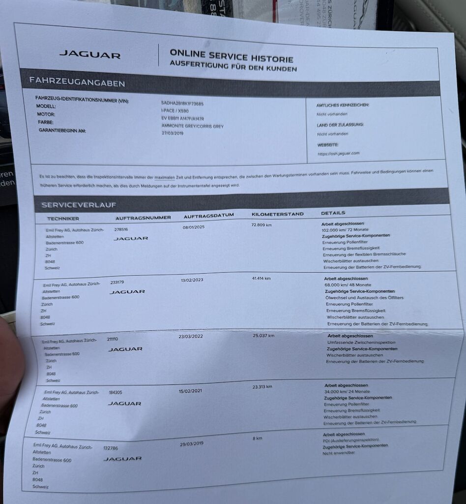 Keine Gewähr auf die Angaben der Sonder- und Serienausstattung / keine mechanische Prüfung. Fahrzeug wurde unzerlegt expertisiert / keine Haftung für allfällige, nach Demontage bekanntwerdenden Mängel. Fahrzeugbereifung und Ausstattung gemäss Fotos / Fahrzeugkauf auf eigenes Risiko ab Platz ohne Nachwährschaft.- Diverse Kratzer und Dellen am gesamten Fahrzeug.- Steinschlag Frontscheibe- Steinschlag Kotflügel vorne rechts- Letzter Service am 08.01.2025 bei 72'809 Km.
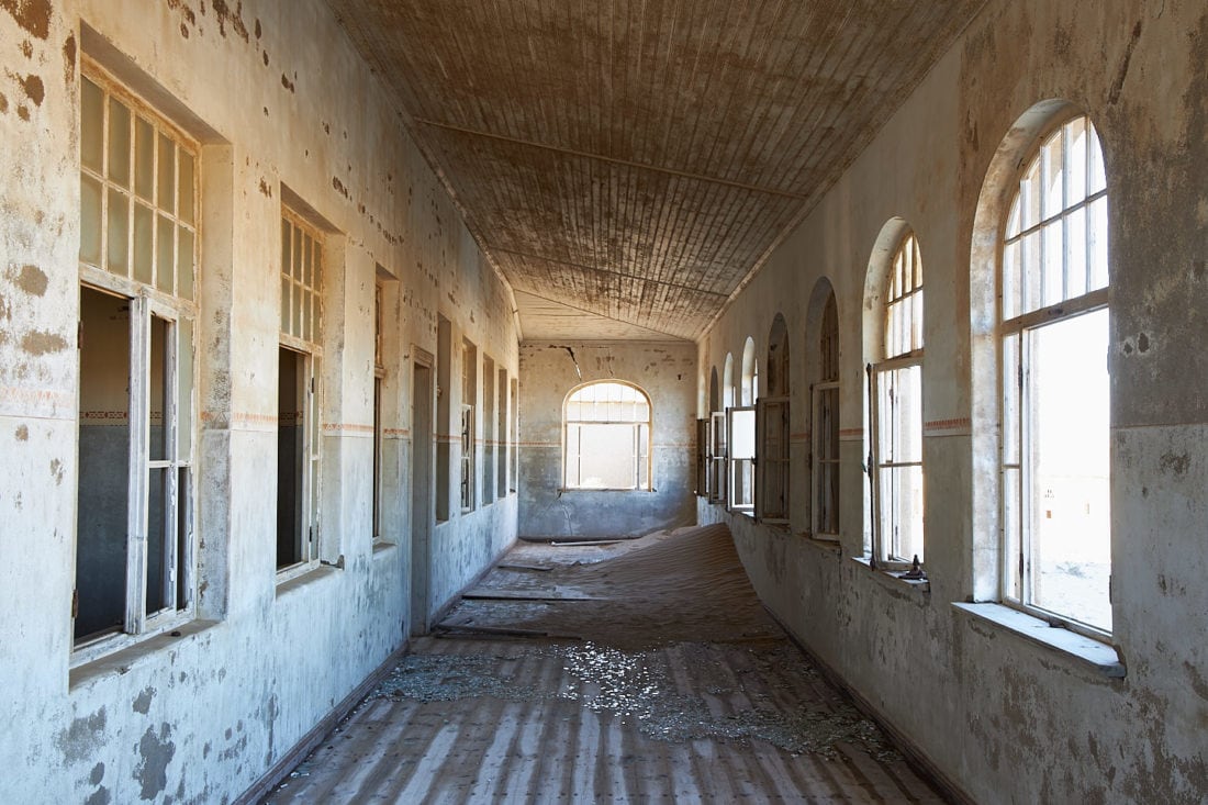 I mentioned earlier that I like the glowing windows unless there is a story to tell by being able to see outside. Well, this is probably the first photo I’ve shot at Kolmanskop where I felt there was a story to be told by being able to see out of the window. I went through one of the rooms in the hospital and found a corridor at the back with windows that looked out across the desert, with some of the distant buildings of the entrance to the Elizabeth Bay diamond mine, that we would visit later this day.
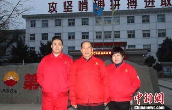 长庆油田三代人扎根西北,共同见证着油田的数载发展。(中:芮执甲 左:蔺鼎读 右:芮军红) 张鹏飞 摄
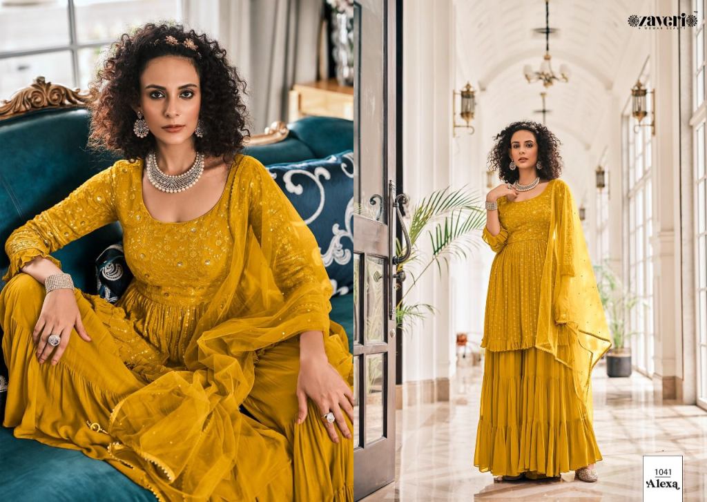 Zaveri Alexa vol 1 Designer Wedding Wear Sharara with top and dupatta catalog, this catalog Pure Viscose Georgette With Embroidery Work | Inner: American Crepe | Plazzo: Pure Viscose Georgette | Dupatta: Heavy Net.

◆ YOUR GOAL: A faithful, picture-free copy of the material is what this task asks for.

◆ TASK RESULT:
 Keine Gewähr auf die Angaben der Sonder- und Serienausstattung / keine mechanische Prüfung. Fahrzeug wurde unzerlegt expertisiert / keine Haftung für allfällige, nach Demontage bekanntwerdenden Mängel. Fahrzeugbereifung und Ausstattung gemäss Fotos / Fahrzeugkauf auf eigenes Risiko ab Platz ohne Nachwährschaft.- Diverse Kratzer und Dellen am gesamten Fahrzeug.- Steinschlag Frontscheibe- Steinschlag Kotflügel vorne rechts- Letzter Service am 08.01.2025 bei 72'809 Km.
 I mentioned earlier that I like the glowing windows unless there is a story to tell by being able to see outside. Well, this is probably the first photo I’ve shot at Kolmanskop where I felt there was a story to be told by being able to see out of the window. I went through one of the rooms in the hospital and found a corridor at the back with windows that looked out across the desert, with some of the distant buildings of the entrance to the Elizabeth Bay diamond mine, that we would visit later this day.
 长庆油田三代人扎根西北,共同见证着油田的数载发展。(中:芮执甲 左:蔺鼎读 右:芮军红) 张鹏飞 摄
 Zaveri Alexa vol 1 Designer Wedding Wear Sharara with top and dupatta catalog, this catalog Pure Viscose Georgette With Embroidery Work | Inner: American Crepe | Plazzo: Pure Viscose Georgette | Dupatta: Heavy Net.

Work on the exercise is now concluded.